━━ INPUT MATERIAL ━━

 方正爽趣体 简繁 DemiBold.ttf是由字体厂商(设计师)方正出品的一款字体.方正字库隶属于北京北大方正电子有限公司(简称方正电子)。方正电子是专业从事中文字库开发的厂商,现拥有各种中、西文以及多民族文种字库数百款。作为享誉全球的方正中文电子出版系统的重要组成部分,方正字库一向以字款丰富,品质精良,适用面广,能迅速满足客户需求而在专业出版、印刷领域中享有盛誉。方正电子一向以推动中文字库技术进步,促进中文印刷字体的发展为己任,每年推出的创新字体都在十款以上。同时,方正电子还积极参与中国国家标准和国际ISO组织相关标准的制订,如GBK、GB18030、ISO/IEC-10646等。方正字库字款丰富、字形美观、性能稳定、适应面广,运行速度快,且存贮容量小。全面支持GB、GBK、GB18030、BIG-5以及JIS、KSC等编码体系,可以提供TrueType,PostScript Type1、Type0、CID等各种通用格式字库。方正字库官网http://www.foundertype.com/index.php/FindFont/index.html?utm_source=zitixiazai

━━━
━━ INPUT MATERIAL ━━

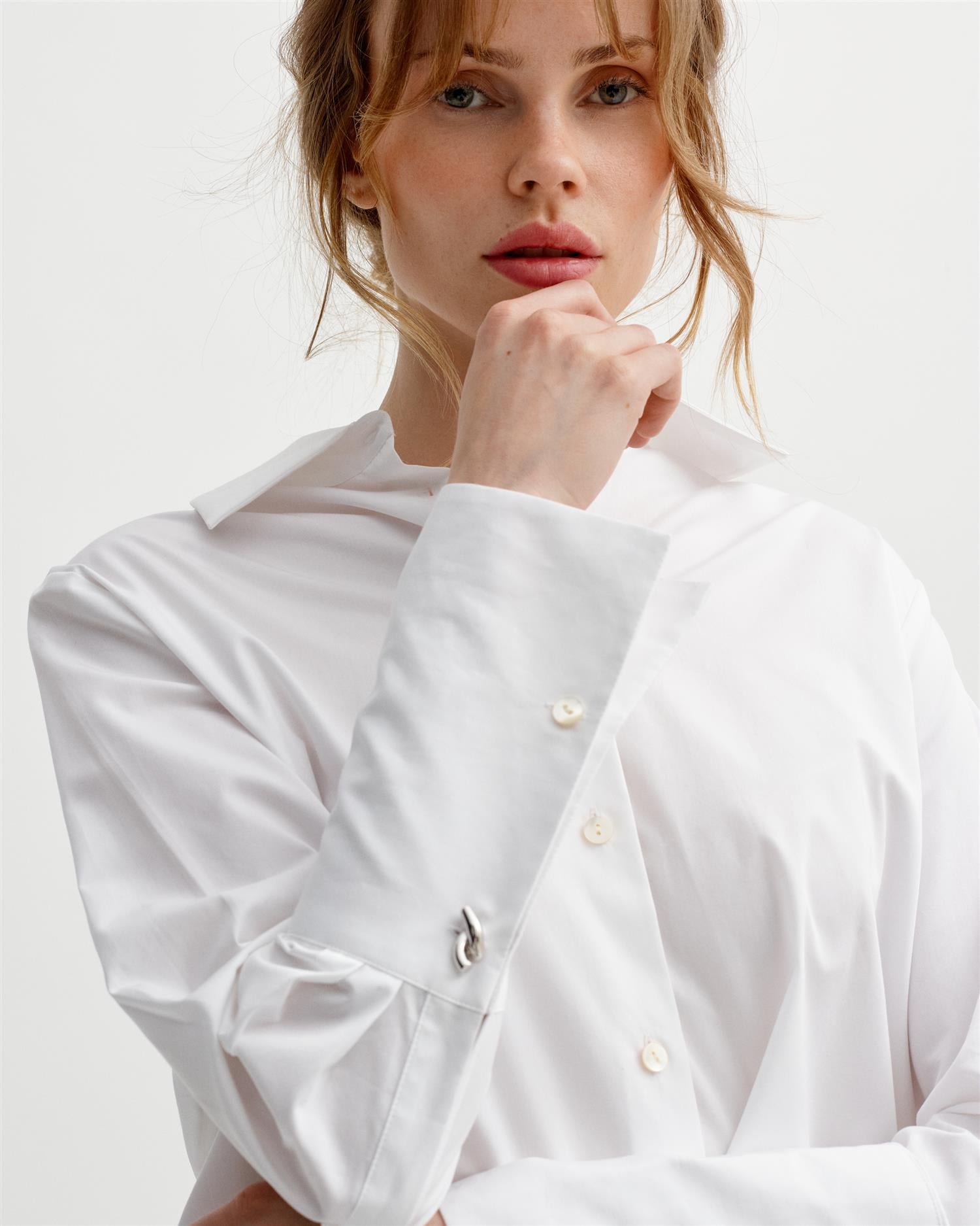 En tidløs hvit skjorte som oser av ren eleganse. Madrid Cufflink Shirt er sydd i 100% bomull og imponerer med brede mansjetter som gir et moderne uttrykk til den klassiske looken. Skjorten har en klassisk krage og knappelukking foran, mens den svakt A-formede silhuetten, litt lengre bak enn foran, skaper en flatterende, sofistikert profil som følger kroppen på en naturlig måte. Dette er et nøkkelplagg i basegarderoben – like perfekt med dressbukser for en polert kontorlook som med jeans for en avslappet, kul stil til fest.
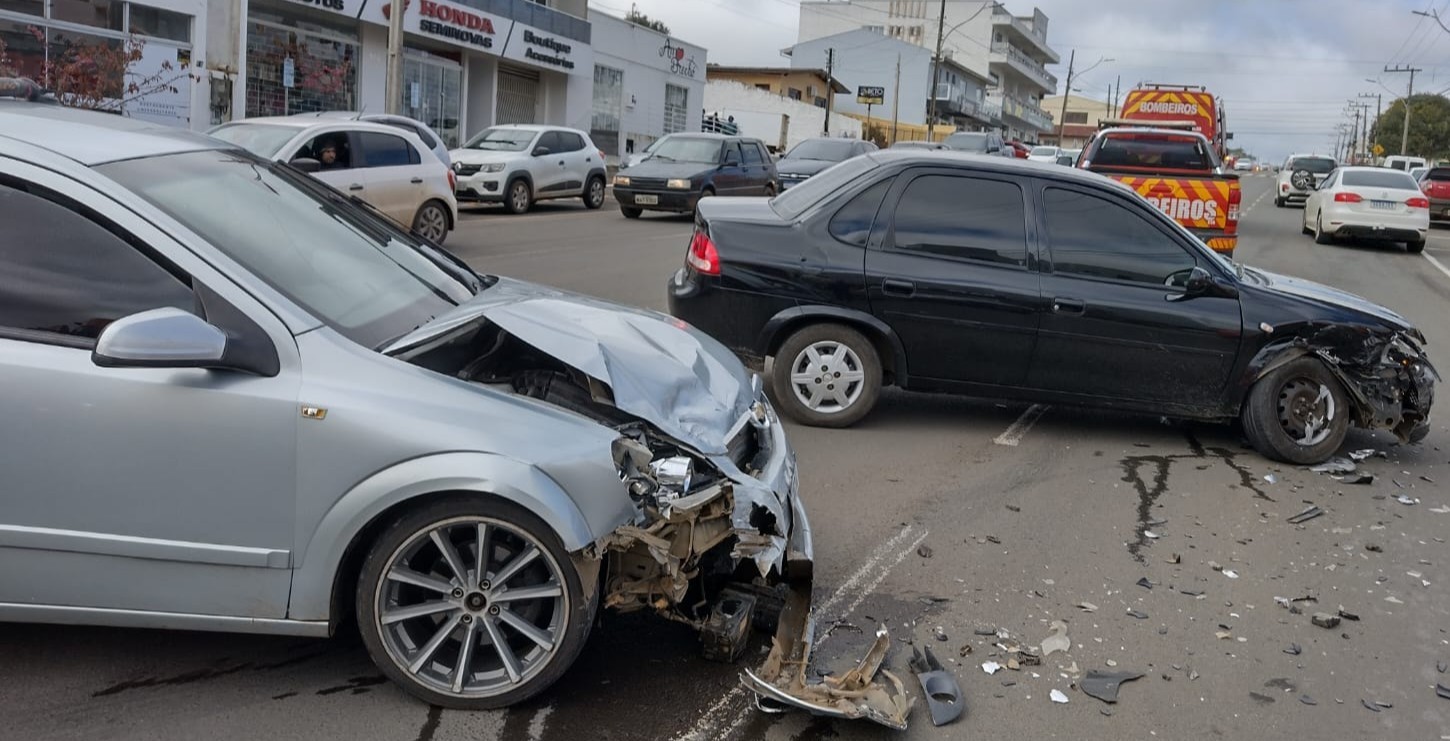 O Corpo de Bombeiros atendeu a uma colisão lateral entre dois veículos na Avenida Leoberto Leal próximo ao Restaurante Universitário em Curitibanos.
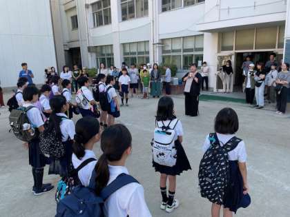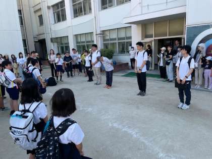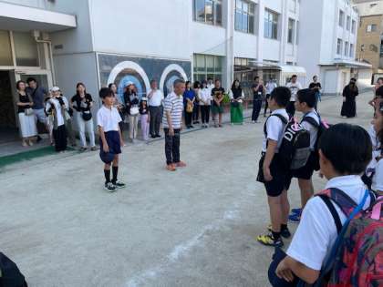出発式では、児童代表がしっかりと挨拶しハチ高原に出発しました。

━━━
━━ INPUT MATERIAL ━━

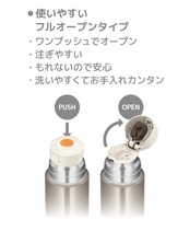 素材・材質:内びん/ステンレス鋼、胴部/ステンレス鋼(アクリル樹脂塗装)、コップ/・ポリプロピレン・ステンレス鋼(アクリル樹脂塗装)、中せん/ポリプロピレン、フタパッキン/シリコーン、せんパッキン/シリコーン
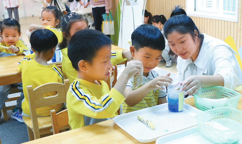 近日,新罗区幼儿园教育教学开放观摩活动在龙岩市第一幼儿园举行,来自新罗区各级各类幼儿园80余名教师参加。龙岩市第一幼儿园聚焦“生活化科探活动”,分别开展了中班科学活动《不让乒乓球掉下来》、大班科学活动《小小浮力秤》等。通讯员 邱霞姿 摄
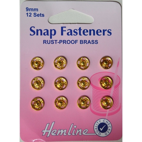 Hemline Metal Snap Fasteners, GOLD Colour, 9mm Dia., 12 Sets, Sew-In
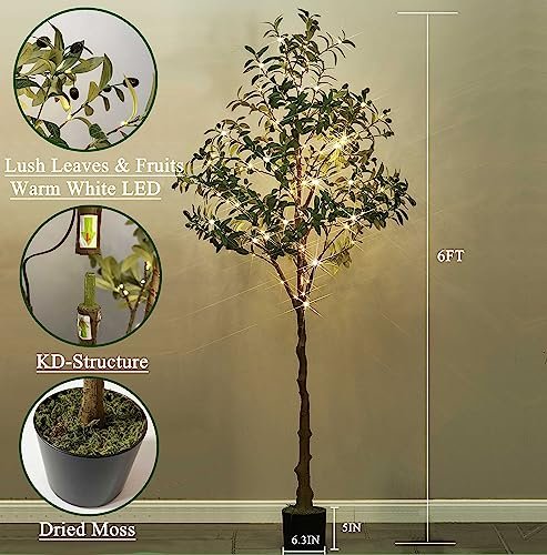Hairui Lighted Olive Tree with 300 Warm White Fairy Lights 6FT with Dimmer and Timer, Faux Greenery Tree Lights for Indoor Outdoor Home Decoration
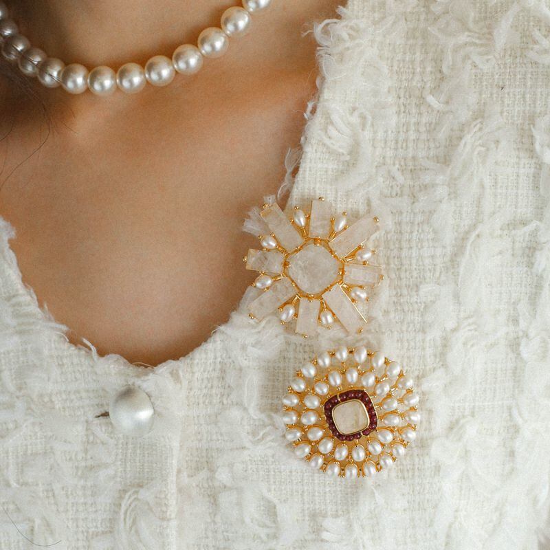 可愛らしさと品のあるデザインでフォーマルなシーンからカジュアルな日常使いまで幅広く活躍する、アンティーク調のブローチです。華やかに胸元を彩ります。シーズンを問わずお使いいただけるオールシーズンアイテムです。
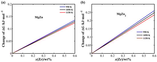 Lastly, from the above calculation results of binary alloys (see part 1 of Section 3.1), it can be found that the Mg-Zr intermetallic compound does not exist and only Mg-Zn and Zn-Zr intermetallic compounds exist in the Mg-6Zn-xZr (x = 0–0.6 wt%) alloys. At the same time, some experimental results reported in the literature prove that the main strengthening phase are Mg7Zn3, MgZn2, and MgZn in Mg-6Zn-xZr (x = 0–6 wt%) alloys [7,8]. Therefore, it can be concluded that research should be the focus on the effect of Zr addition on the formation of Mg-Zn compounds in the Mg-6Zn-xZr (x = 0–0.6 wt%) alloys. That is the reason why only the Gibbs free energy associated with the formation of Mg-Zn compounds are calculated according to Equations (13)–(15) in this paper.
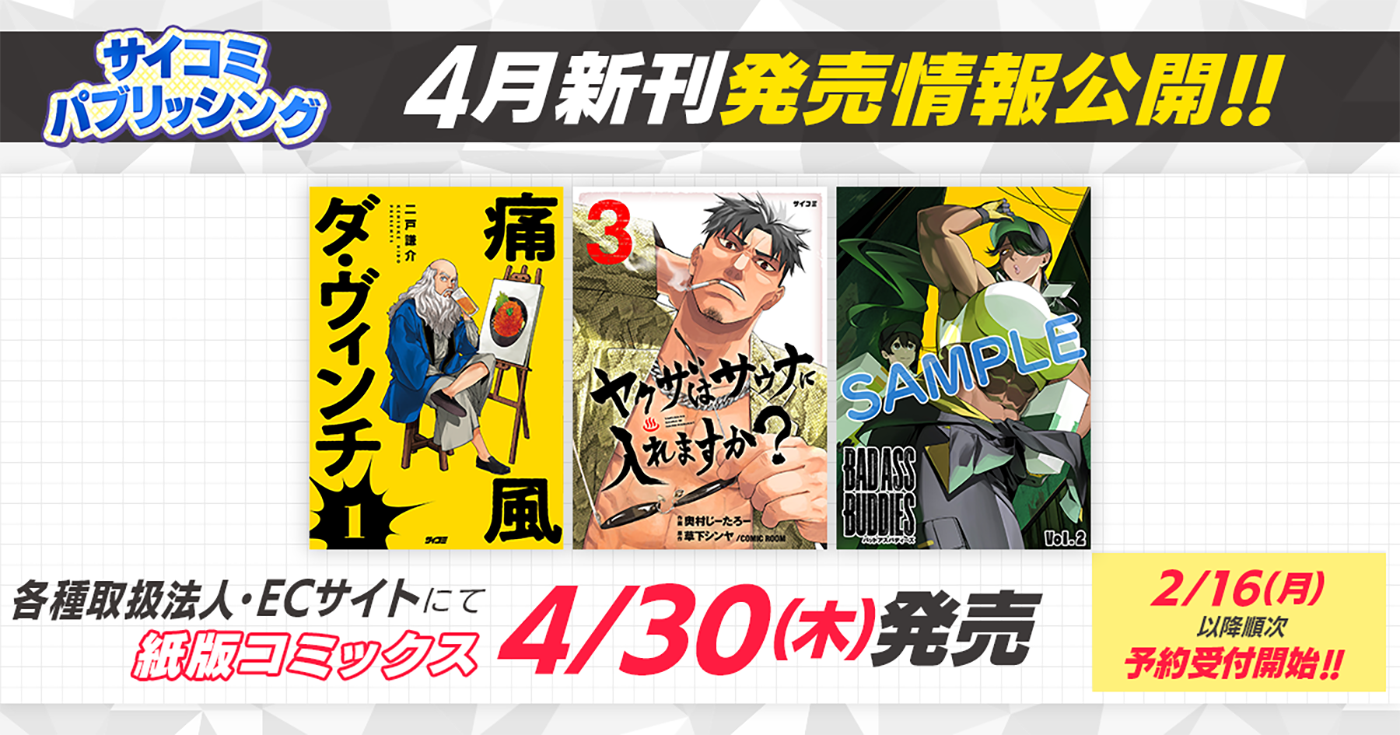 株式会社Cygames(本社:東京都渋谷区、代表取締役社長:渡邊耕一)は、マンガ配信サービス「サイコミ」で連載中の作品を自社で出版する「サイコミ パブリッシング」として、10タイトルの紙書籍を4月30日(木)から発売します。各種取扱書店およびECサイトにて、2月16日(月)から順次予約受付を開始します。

━━━

_ASSIGNMENT:_
Copy only this from above: the line containing "素材・材質:内びん/ステンレ", the line containing "株式会社Cygames(本社", and all lines between, printed exactly. Leave out the pictures.

_RESPONSE AREA:_
 素材・材質:内びん/ステンレス鋼、胴部/ステンレス鋼(アクリル樹脂塗装)、コップ/・ポリプロピレン・ステンレス鋼(アクリル樹脂塗装)、中せん/ポリプロピレン、フタパッキン/シリコーン、せんパッキン/シリコーン
 近日,新罗区幼儿园教育教学开放观摩活动在龙岩市第一幼儿园举行,来自新罗区各级各类幼儿园80余名教师参加。龙岩市第一幼儿园聚焦“生活化科探活动”,分别开展了中班科学活动《不让乒乓球掉下来》、大班科学活动《小小浮力秤》等。通讯员 邱霞姿 摄
 Hemline Metal Snap Fasteners, GOLD Colour, 9mm Dia., 12 Sets, Sew-In
Hairui Lighted Olive Tree with 300 Warm White Fairy Lights 6FT with Dimmer and Timer, Faux Greenery Tree Lights for Indoor Outdoor Home Decoration
 可愛らしさと品のあるデザインでフォーマルなシーンからカジュアルな日常使いまで幅広く活躍する、アンティーク調のブローチです。華やかに胸元を彩ります。シーズンを問わずお使いいただけるオールシーズンアイテムです。
 Lastly, from the above calculation results of binary alloys (see part 1 of Section 3.1), it can be found that the Mg-Zr intermetallic compound does not exist and only Mg-Zn and Zn-Zr intermetallic compounds exist in the Mg-6Zn-xZr (x = 0–0.6 wt%) alloys. At the same time, some experimental results reported in the literature prove that the main strengthening phase are Mg7Zn3, MgZn2, and MgZn in Mg-6Zn-xZr (x = 0–6 wt%) alloys [7,8]. Therefore, it can be concluded that research should be the focus on the effect of Zr addition on the formation of Mg-Zn compounds in the Mg-6Zn-xZr (x = 0–0.6 wt%) alloys. That is the reason why only the Gibbs free energy associated with the formation of Mg-Zn compounds are calculated according to Equations (13)–(15) in this paper.
 株式会社Cygames(本社:東京都渋谷区、代表取締役社長:渡邊耕一)は、マンガ配信サービス「サイコミ」で連載中の作品を自社で出版する「サイコミ パブリッシング」として、10タイトルの紙書籍を4月30日(木)から発売します。各種取扱書店およびECサイトにて、2月16日(月)から順次予約受付を開始します。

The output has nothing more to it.